Andrew’s got a slightly more active week in Notable Releases with reviews of Infant Island, Kali Uchis, Nailah Hunter and more. Need more recent news applicable to this column? Ride announced their new album, and keeping things shoegaze new London band Whitelands announced their full-length debut. Also new album announcements from Gustaf and Four Tet. And if you want to look further ahead, check out the Indie Basement Most Anticipated Albums of 2024 list which still has 50 weeks of relevance left. Things are about to get busy!

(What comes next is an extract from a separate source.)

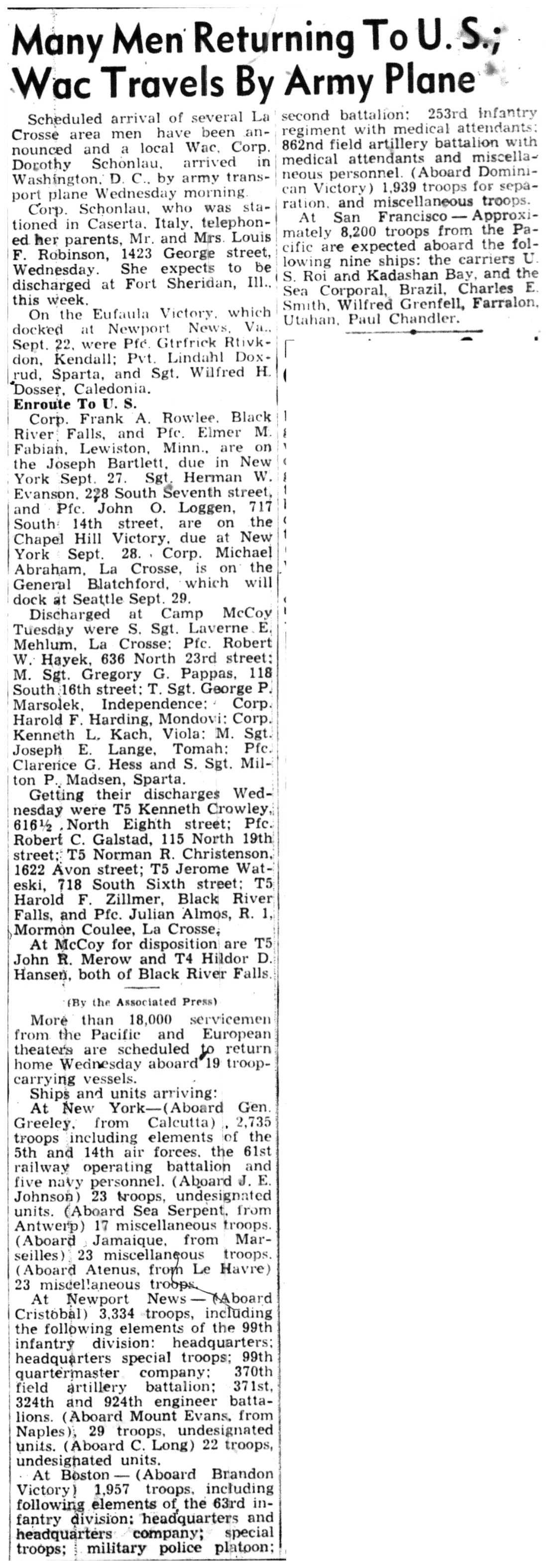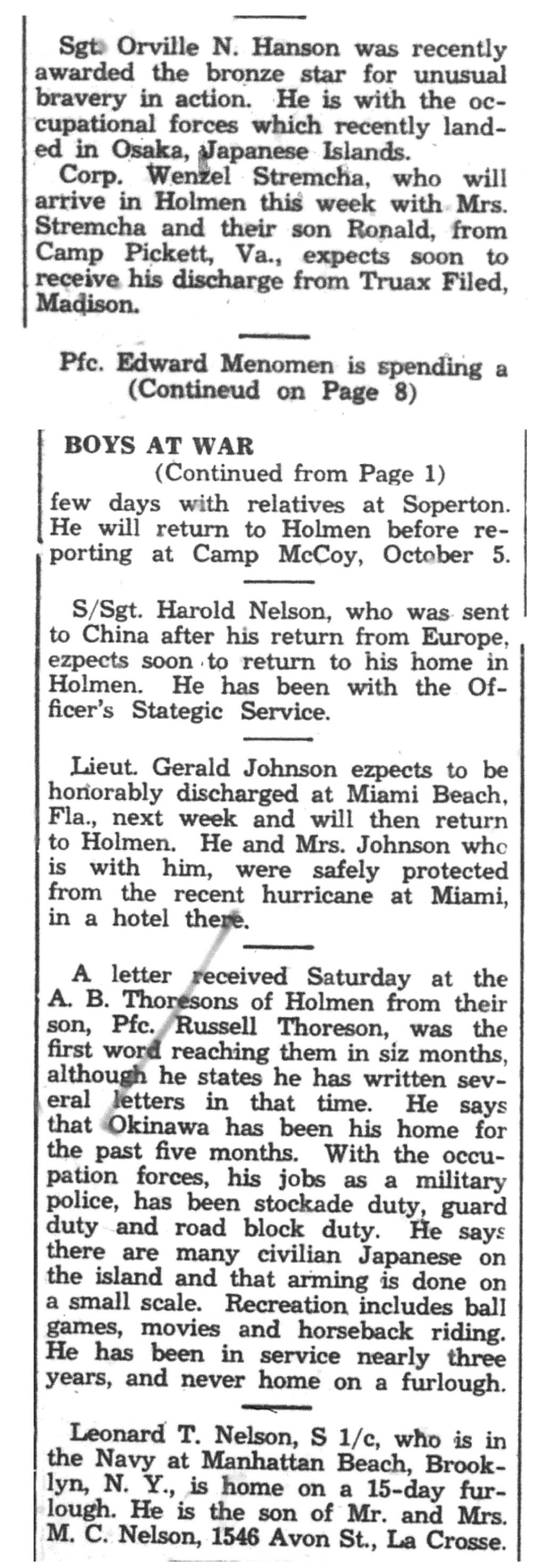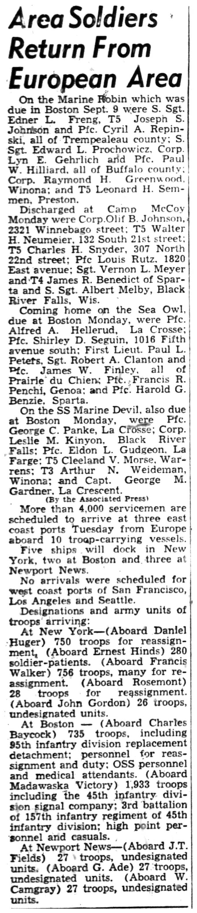 | 1945-9-2 | La Crosse Tribune p5 |

Head below for this week’s reviews…
Bill Ryder-Jones – Iechyd Da (Domino)
The Coral co-founder wraps himself in beautiful sadness on his wonderful fifth album
“I’ve always railed against it when people ask if making a record is cathartic,” Bill Ryder-Jones says of his fifth solo album, “but I’d have to admit that this one really was.” The Coral co-founder, who’s been a solo artist longer now than he was in a member of that band, had a rough pandemic, including a bad breakup and close calls with substance abuse. He’s come through the other side, though, with one of his best-ever records. Iechyd Da, which is Welsh for “Good Health,” is one of those albums that seems to process joy and sadness as the same emotion, not unlike Mercury Rev’s Deserter’s Songs, The Delgado’s The Great Eastern or pretty much everything Spiritualized or Sparklehorse have ever done. Whether he’s singing “It’s noone’s fault, there’s sometimes nothing to be done / I just don’t see myself getting past this one” (“Nothing to be Done”) or “There’s something great about life” on the very next song (“It’s Today Again”), they all hit with a massive wave of beautiful sadness. There are some wonderful pop moments, too, including “If Tomorrow Starts Without Me,” that bring on the warm-n-fuzzies while still keeping a dark cloud in the blue sky. The whole album washes over you with orchestral grandeur, swooning strings and choral backing (more than once via a children’s choir), and in lesser hands these towering creations would topple from schmaltz. But Ryder-Jones has such a sure grasp of tone, in all senses of the word, so that the songs never wobble. He’s got a soft, fragile voice that could carry the emotional weight of these songs all on its own but is also the perfect center for exquisite heartbreak he’s wrapped himself in.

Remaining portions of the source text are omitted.